* **EXERCISE OBJECTIVE**
Print, word for word, the opening line of the data below and every line after it through the line that contains "Il Laboratorio Urbano", but not the pictures.

* **INFORMATION SHOWN**
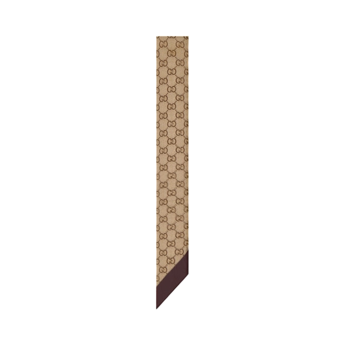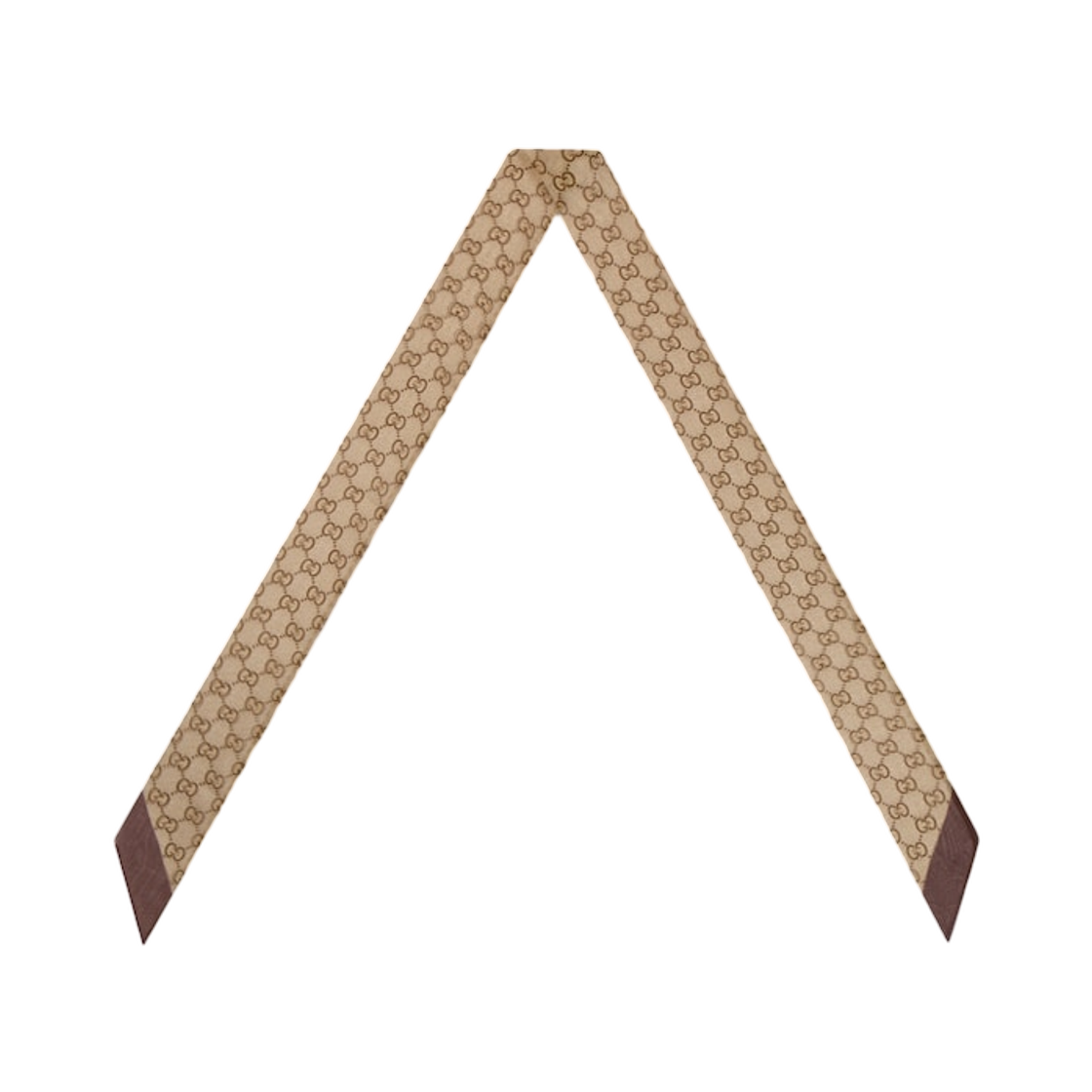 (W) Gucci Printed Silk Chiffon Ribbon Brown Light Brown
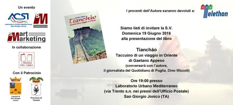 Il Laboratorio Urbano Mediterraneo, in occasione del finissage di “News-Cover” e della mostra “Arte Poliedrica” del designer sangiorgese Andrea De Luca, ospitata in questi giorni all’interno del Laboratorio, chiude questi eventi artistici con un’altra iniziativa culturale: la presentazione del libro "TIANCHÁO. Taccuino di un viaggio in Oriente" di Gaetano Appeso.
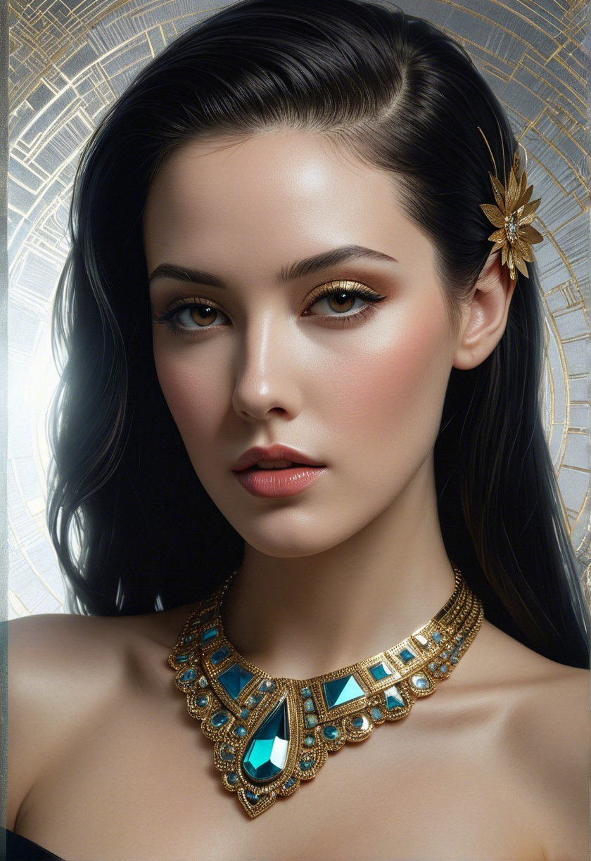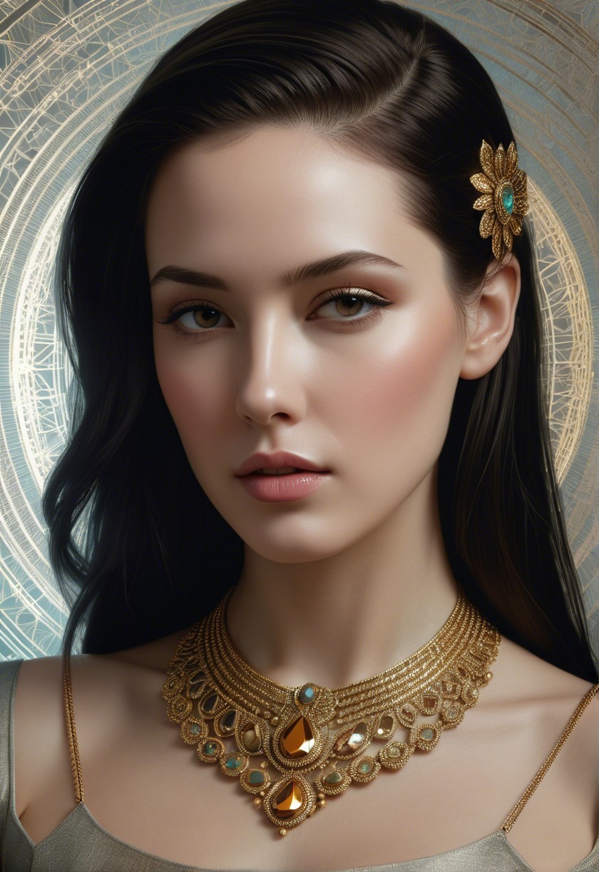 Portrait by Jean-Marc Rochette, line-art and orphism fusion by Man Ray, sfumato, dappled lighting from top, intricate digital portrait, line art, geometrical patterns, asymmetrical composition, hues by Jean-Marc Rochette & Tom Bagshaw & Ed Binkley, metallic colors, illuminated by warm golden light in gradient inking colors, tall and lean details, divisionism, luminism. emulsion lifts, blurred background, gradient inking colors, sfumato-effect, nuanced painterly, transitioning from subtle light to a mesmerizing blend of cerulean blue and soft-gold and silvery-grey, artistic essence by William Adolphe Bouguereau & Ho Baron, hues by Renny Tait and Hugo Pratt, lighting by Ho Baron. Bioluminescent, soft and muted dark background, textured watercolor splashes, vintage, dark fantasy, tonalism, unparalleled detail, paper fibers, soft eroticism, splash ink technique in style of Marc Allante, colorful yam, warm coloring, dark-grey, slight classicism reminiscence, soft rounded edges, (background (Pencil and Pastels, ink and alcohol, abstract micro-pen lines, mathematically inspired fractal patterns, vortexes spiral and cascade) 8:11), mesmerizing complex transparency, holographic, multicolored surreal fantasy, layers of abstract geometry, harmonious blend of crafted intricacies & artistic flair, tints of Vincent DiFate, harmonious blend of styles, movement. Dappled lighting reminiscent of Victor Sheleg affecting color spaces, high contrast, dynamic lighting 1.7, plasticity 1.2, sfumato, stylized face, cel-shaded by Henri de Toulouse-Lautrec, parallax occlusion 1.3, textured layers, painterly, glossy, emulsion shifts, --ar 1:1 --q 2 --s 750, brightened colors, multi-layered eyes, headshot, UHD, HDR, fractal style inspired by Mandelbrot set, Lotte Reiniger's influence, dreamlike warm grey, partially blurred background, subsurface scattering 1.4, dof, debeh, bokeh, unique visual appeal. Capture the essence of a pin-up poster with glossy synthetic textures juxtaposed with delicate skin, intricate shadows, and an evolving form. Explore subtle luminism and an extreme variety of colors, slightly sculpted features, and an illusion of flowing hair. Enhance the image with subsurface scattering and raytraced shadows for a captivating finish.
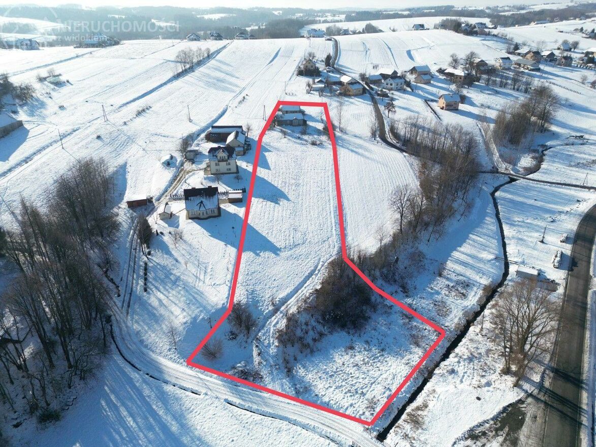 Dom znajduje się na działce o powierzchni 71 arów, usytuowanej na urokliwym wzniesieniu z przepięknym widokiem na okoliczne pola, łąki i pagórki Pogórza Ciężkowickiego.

* **WRITTEN ANSWER**
 (W) Gucci Printed Silk Chiffon Ribbon Brown Light Brown
 Il Laboratorio Urbano Mediterraneo, in occasione del finissage di “News-Cover” e della mostra “Arte Poliedrica” del designer sangiorgese Andrea De Luca, ospitata in questi giorni all’interno del Laboratorio, chiude questi eventi artistici con un’altra iniziativa culturale: la presentazione del libro "TIANCHÁO. Taccuino di un viaggio in Oriente" di Gaetano Appeso.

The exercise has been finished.